### PROBLEM:
Return the stretch from the line with "其次,厨娘的创意并不新颖(程" through the line with "Tablouri Compoziție abstractă" in the data below, character for character, skipping all pictures.

RECORDS SUPPLIED START

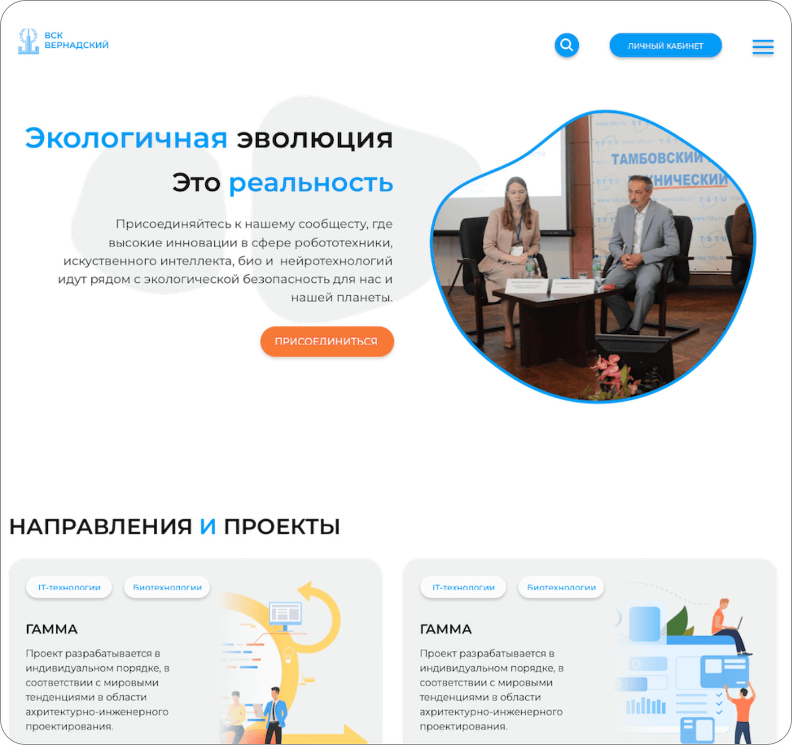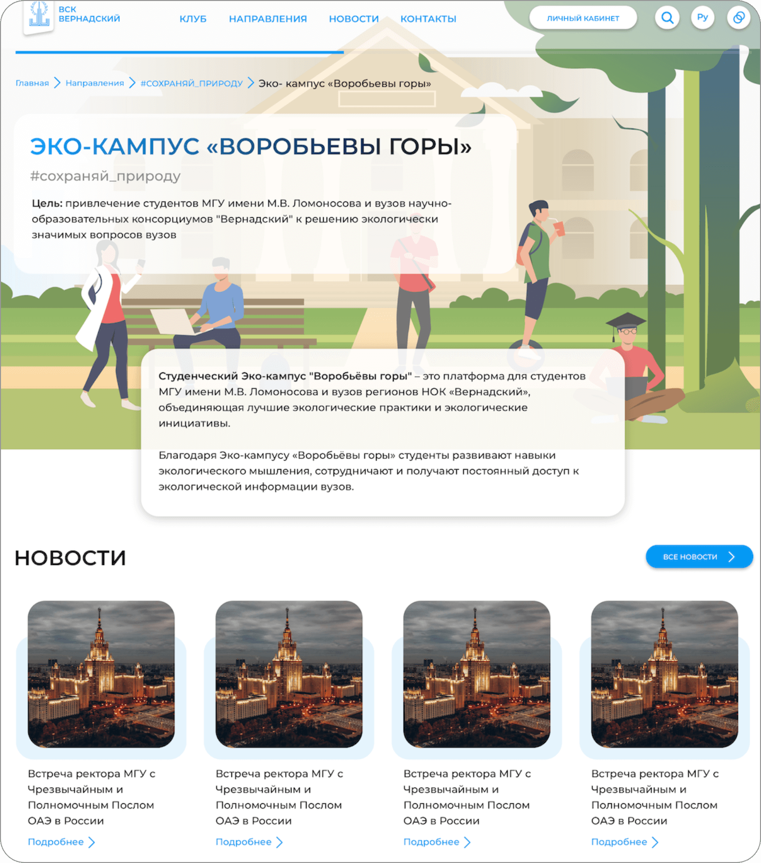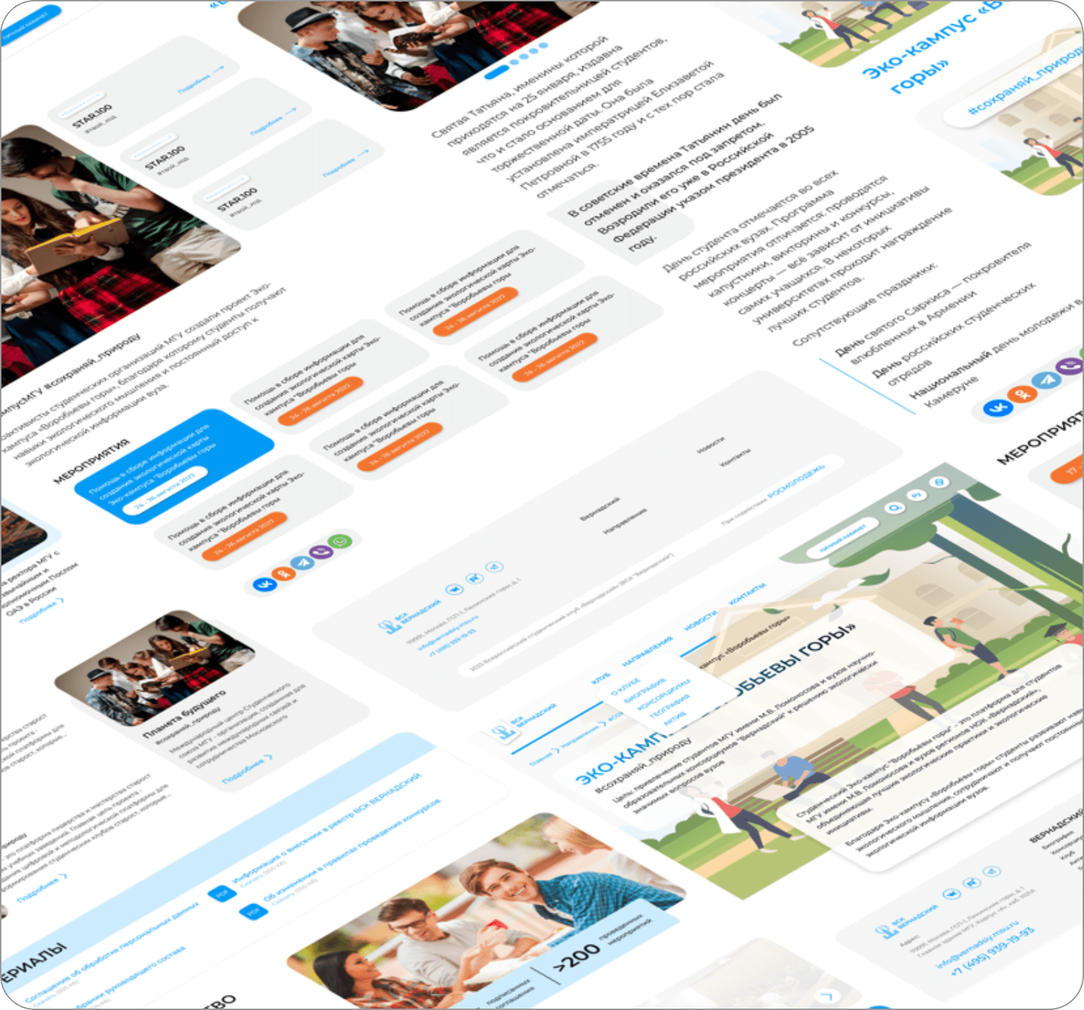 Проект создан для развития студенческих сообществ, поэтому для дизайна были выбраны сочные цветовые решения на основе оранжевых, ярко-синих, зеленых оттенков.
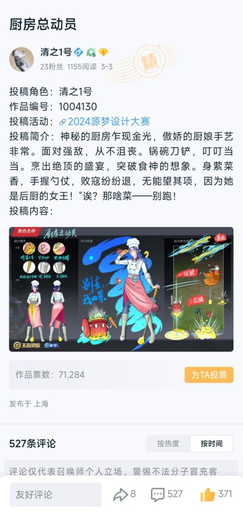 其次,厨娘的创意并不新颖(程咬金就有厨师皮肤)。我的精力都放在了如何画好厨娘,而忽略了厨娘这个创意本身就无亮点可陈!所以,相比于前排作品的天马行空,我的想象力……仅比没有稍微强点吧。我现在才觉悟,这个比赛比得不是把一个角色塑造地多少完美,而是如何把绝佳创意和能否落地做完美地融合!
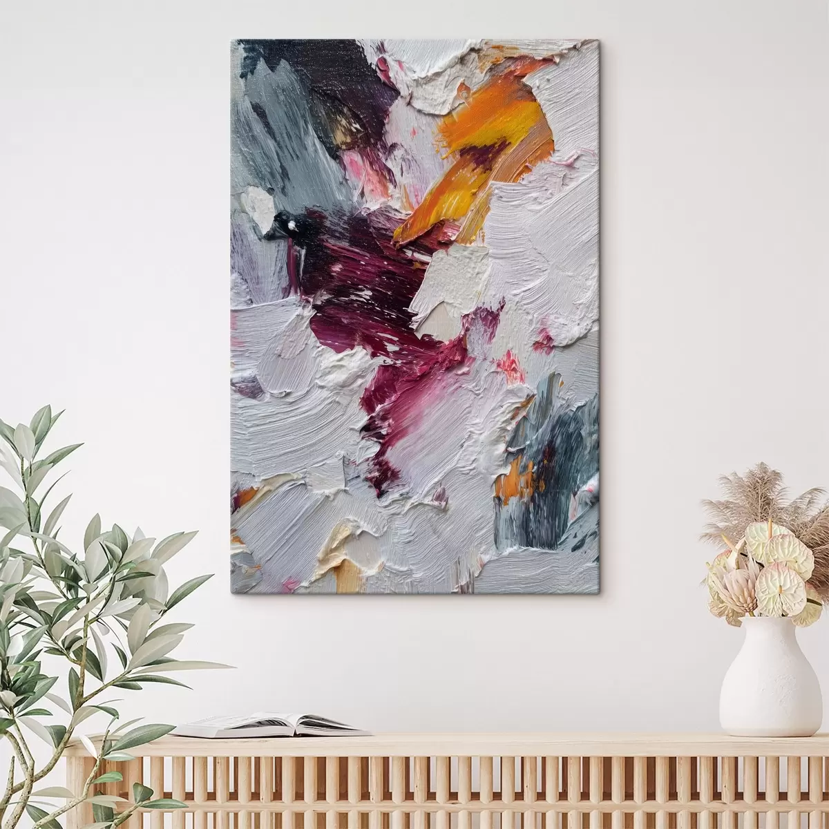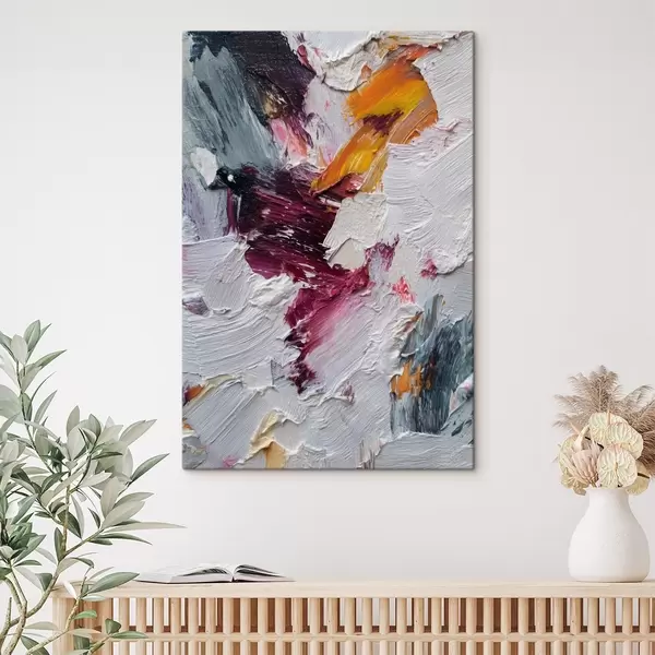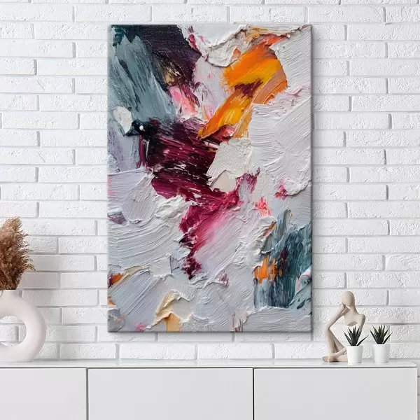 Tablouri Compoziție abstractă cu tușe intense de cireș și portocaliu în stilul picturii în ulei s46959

RECORDS SUPPLIED END
RECORDS SUPPLIED START

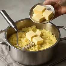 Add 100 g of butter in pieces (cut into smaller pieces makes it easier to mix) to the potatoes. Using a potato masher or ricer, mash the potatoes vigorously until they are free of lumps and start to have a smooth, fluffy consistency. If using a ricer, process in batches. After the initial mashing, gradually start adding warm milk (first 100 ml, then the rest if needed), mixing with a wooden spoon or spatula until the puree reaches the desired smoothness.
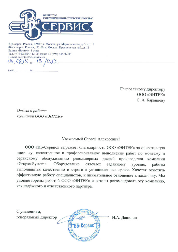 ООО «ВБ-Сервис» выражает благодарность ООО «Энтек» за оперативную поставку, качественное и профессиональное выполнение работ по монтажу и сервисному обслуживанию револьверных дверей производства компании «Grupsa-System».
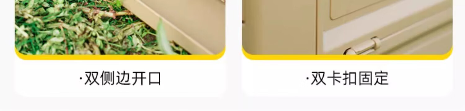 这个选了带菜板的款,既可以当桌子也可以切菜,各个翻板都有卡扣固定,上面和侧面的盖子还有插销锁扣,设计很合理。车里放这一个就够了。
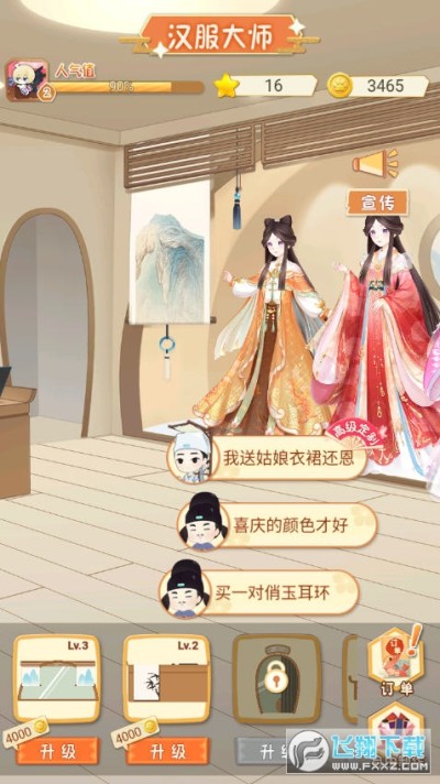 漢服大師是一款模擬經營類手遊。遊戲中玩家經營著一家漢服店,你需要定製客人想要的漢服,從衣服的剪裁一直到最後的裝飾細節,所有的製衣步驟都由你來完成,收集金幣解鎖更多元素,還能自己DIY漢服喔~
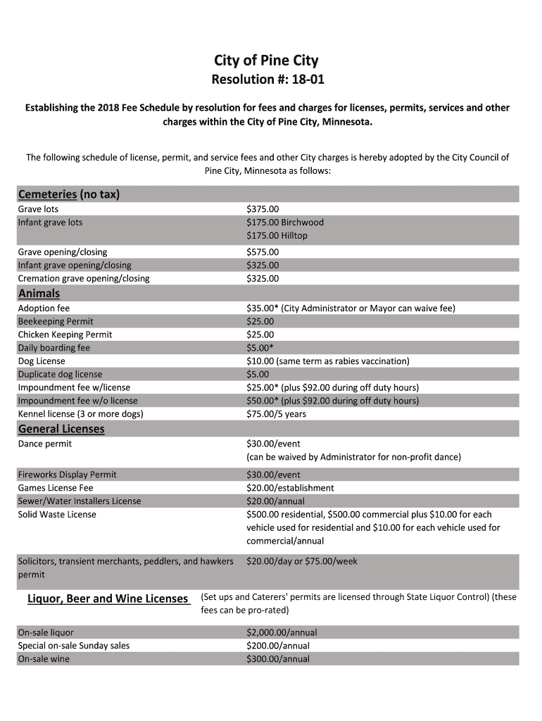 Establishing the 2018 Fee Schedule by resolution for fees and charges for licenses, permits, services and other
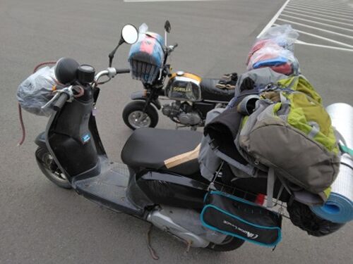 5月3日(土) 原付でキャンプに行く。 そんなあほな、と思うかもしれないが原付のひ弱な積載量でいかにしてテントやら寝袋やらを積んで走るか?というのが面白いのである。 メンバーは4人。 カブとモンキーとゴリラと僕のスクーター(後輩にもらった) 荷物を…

RECORDS SUPPLIED END

### TASK RESULT:
 其次,厨娘的创意并不新颖(程咬金就有厨师皮肤)。我的精力都放在了如何画好厨娘,而忽略了厨娘这个创意本身就无亮点可陈!所以,相比于前排作品的天马行空,我的想象力……仅比没有稍微强点吧。我现在才觉悟,这个比赛比得不是把一个角色塑造地多少完美,而是如何把绝佳创意和能否落地做完美地融合!
 Tablouri Compoziție abstractă cu tușe intense de cireș și portocaliu în stilul picturii în ulei s46959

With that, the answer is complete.